A Mathematical Framework for Transformer Circuits

Only working with <= 2 layer transformers, ignoring MLP’s, layernorm

the residual stream

the residual stream is how each token’s vector gets passed through, and attention heads and MLP’s are doing linear operations on this residual stream

each attention head is low rank → reading and writing to a small part of the residual stream
residual stream functions as a “memory,” you even have some operations learn to delete stuff from memory

But the MLP’s have 4 * d_model neurons, how to store all that in residual stream?
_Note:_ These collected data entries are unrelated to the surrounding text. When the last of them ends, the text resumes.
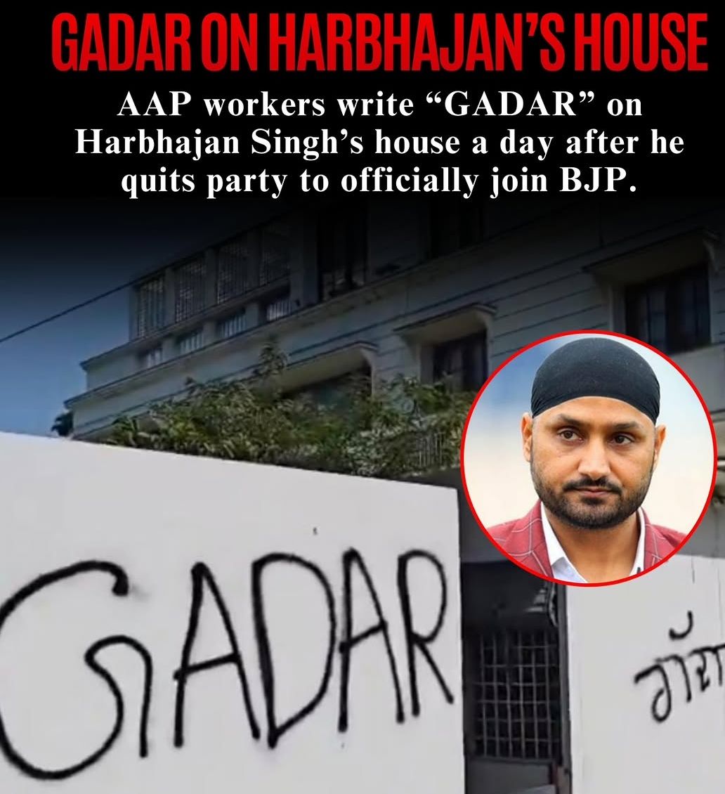 AAM admi party workers staged a protest outside the residence of Harbhajan singh., with reports starting that " Gaddar" was written on the wall. The protest was led by Mayor Vineet Dhir along with Jalandhar central halqa incharge Nitin Kohli. The incident has drawn attention amid rising political tensions , though further details regarding cause of the protest and official responses are awaited.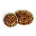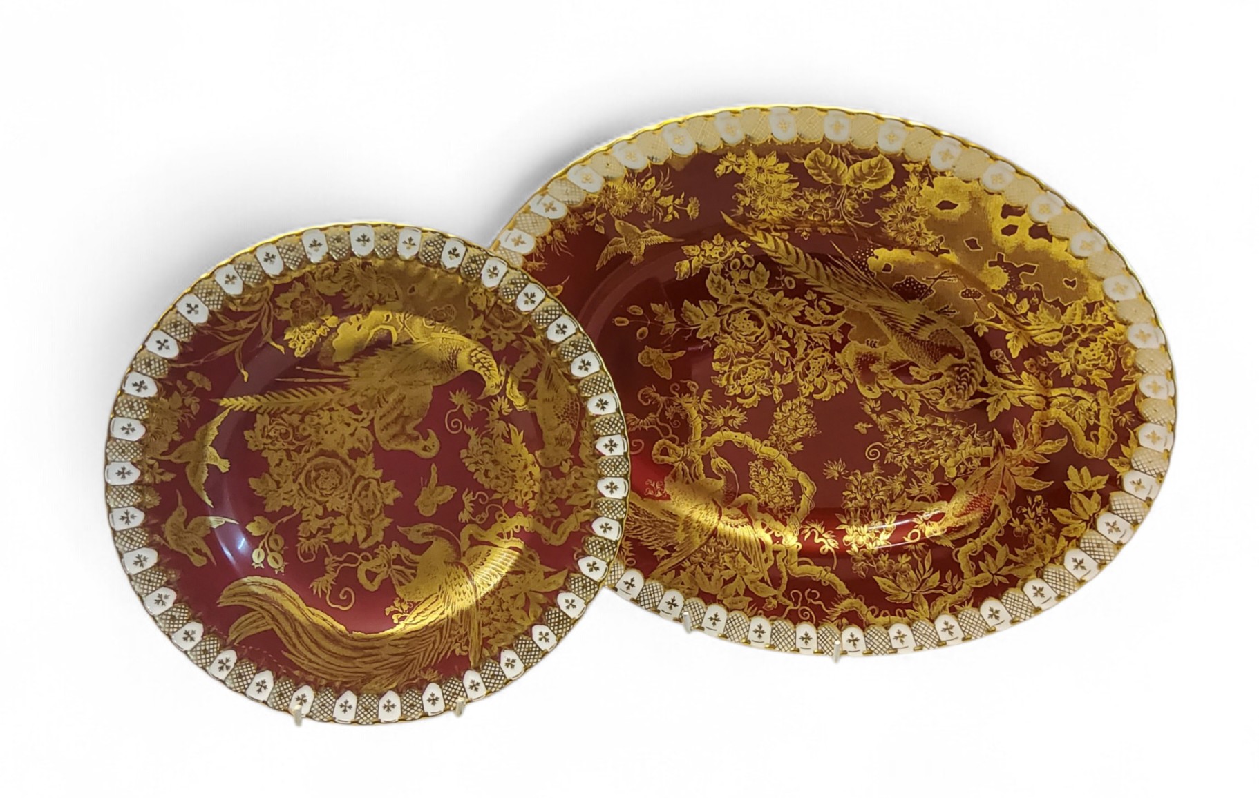 A Royal Crown Derby Gold Aves pattern shaped oval serving plate, on a red ground, heraldic border, 38cm wide, printed mark, second; a similar shaped circular dinner plate, 27cm diam, printed mark, second (2)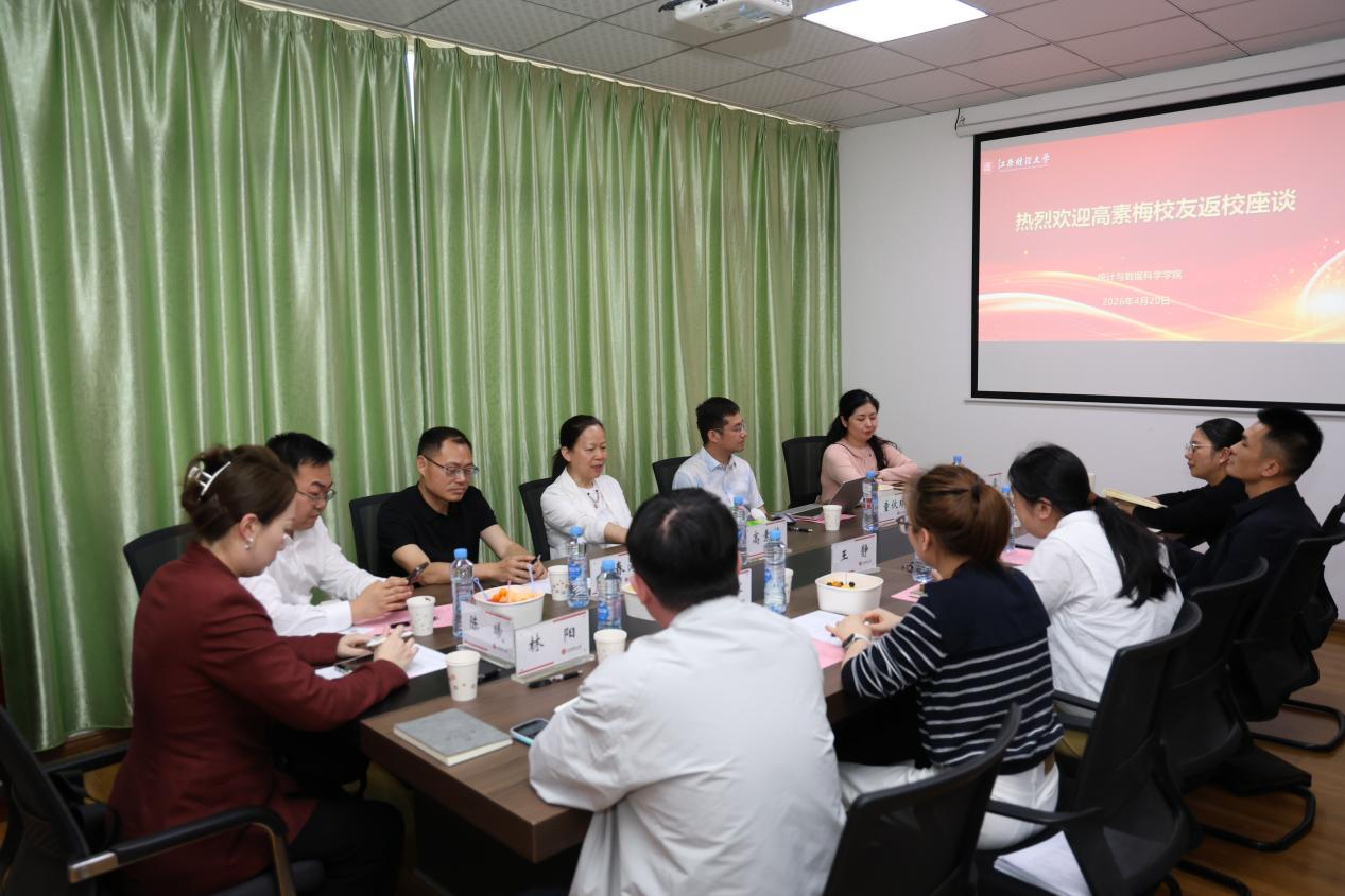 4月20日下午,北京中视东升文化传媒有限公司总裁高素梅校友来到统计与数据科学学院,与师生代表亲切座谈交流,江西融合科技有限责任公司董事长童伙球、校友联络服务中心、统计与数据科学学院、应用统计研究中心、国势研究院相关负责人以及青年教师代表参加座谈。

superposition (neel nanda references the toy model paper)
- most of the features are sparse, so even if there’s 10000 features, only 100 of them occur at a time
- a lot of the features are negatively correlated (don’t show up in the same scenarios), so you can have them in the same directions
connection to CS 336 lecture 3: this is why the residual stream has to be linear and the layernorm should be outside of it, otherwise superposition becomes super messy

but this does make the residual stream really hard to interpret (it also doesn’t even have a privileged basis due to rotations), so we won’t try to. Instead, we will focus on individual paths through the transformer

parts of attention

Two actually mostly independent parts

QK-circuit: A = softmax(x^T W_Q^T W_K x)

W_Q^T W_K acts together as a low rank matrix, W_QK
bilinear operation, determines how information is moved between tokens

OV-circuit: Ax W_v^T W_o^T

W_oW_v acts together: W_ov
linear operation on the residual stream

(tensor product A \otimes W applied to x just means AxW^T)

Zero Layer Transformers

No information movement, so just W_UW_E (unembedding and embedding), learns to predict next token from current token → bigram model

One layer Transformers

if different destination tokens want to attend to the same source token, the only thing they can modify is how much attention they pay to that source (purple), not what value it gives (the gold)
- illustrated below using the skip trigram bugs: keep … in mind and keep … at bay are natural, but if you want the OV circuit to boost “bay” when you see “keep,” then it does that regardless of the destination, so keep … in bay happens

(remember: there’s one residual stream per token)

skip trigrams

[A] … [B] -> [C]
current token [B], QK circuit determines to pay attention to [A], OV circuit then determines how this affects the output [C]
why skip? because transformer can pay attention to positional stuff (pay attention to previous token) or to value stuff (pay attention to barack), but not really both
why tri? because only doing bilinear attention

Two Layer Transformers

Three types of composition: Q, K, V composition, depending on which inputs of attention come from other previous attention heads

Q composition = contextual information about the current token
K composition = contextual information about the source tokens
V composition = virtual heads, less important
- For instance, for Q-composition, an earlier head and an earlier layer of the same token wrote to the residual stream, and that right gets picked up by the later head when it’s calculating the query.
- For K composition and V composition, it’s a head operating on a different token position whose output affects the key or value in that token position, which then goes on to affect the current token position’s attention output
use the virtual weights interpretation to quantify communication between attention heads from different layers: for Q and K composition, it’s like WQK of our new head (or that transposed) * Wov of old head, while for V composition it’s W_v * W_ov of old head
- see which one is a large interaction term using this weird cosine similarity esque thing for matrices
- what they found is that only K composition really happens

Induction Heads

Basically learning [A] [B] … [A] -> [B]

to repeat sequences of tokens
this is really useful: causes a huge drop in loss once the model learns to do this

Why can’t the one-layer models learn to do this? [A] isn’t just paying attention to [B] everywhere, it’s looking for other [A]’s and then extracting info from the thing that follows it, not quite sufficient

So how do induction heads work?

the OV circuit really wants to just copy over [B], so that part is simple
What does the query at [A] look for? Needs a contextualized key at first [B]
- this contextualized key at first [B]: first [B] pays attention to first [A], and that W_ov for the first layer encodes a special encoding of this first [A], which the inductive head query recognizes
Once query at [A] knows to pay attention to first [B], just extracts the part of the first attention head’s output corresponding to [B] token (and not the specially encrypted first [A])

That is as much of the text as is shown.